Infor, AWS research points to uneven ERP modernization and widening governance gaps
Many organizations adopt cloud ERP (enterprise resource planning) without the strategic governance needed to realize full value, leaving aging systems with declining satisfaction and hidden technical debt that internal reviews often miss. Achieving true ERP agility requires disciplined, reusable integration and strong data-quality standards to reduce costs and fully leverage cloud ecosystems. In a recent article on ERP Today, ERP writer and content director Tarsilla Moura reports on research by Infor, AWS, and Radar Group showing that many organizations are modernizing ERP in name only, with cloud adoption outpacing the strategic governance needed to drive real business value. The study finds that while 42% of organizations run ERP in the cloud, only 64% have a defined cloud strategy, leaving others to make ad-hoc decisions that increase costs and reduce control.
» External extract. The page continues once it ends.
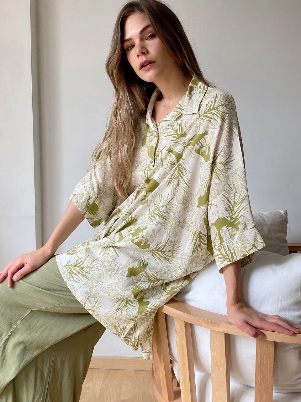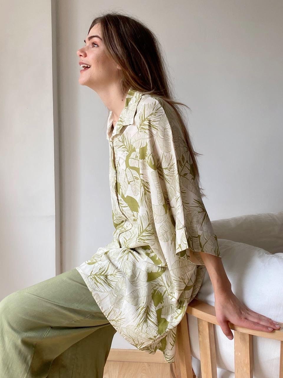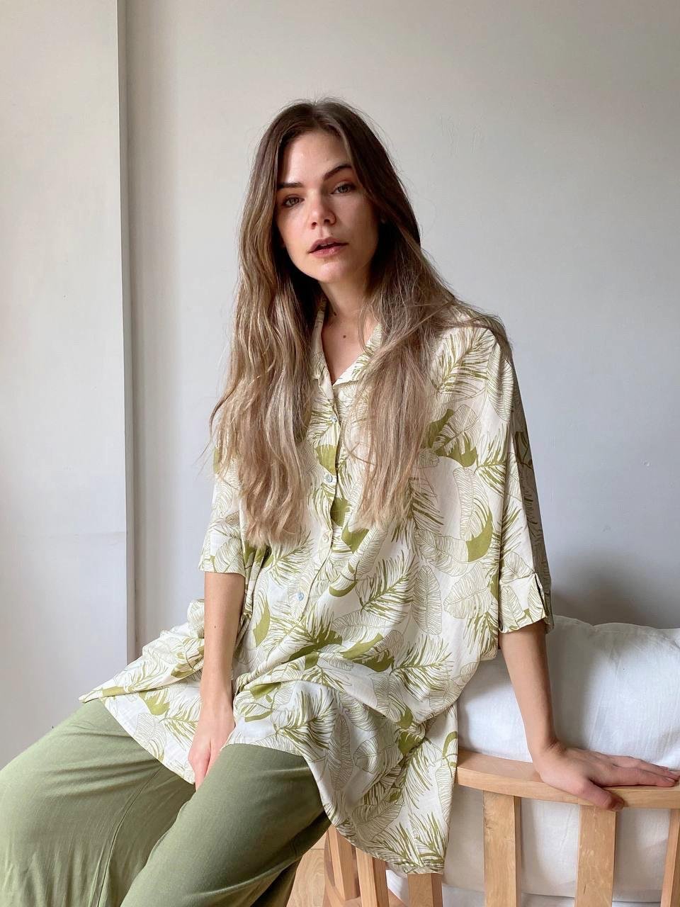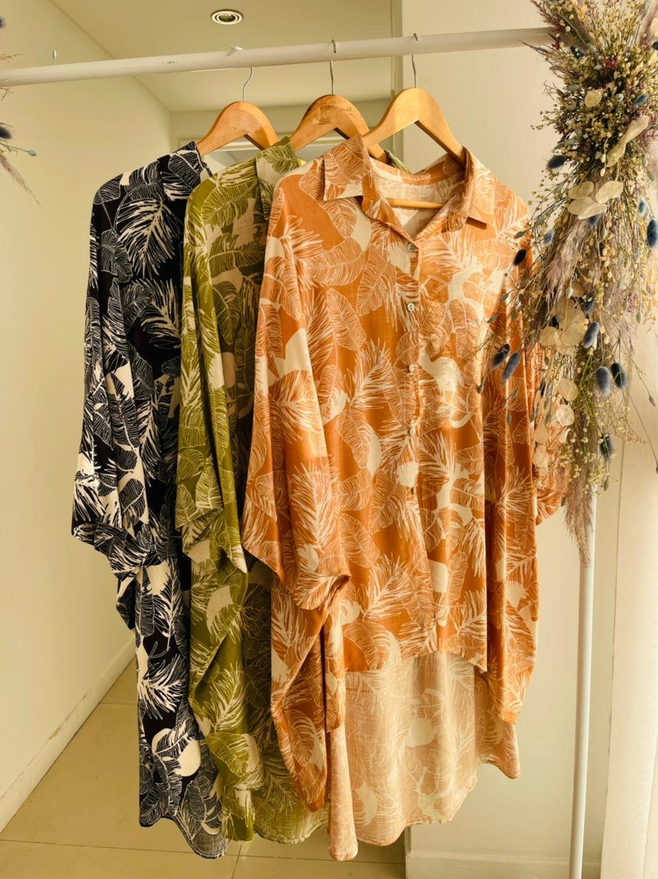 #Maxi Camisa #Lino Estampado #Palmera #TALLE UNICO

ERP systems often sit in a “mid-life comfort zone,” averaging 6.4 years old, with technical debt growing and satisfaction declining as systems age. Investment trends show that while overall technology budgets are rising, ERP spending lags, and initiatives like AI and ML are being pursued without the governance and integration readiness needed to unlock their full potential.
The research emphasizes that modernization is more than cloud hosting. ERP must be treated as a strategic business platform, supported by governance, integration standards, security models, and outcome-based KPIs. Recommendations include defining a clear ERP and cloud strategy, establishing decision rights, adopting a roadmap tied to business outcomes, and leveraging external assessments to expose blind spots.
Integration discipline emerges as the critical factor for ERP agility. Fragmented integrations drive costs and slow change, even in cloud-first environments. Treating integration as a product function—with reusable patterns, deprecation plans, and strong data-quality standards—ensures ERP can scale with business needs and fully leverage cloud ecosystems.
For IT leaders and ERP managers, the takeaway is clear: cloud adoption alone isn’t enough. Without structured governance and disciplined integration, ERP risks remaining a platform in place rather than a driver of operational improvement.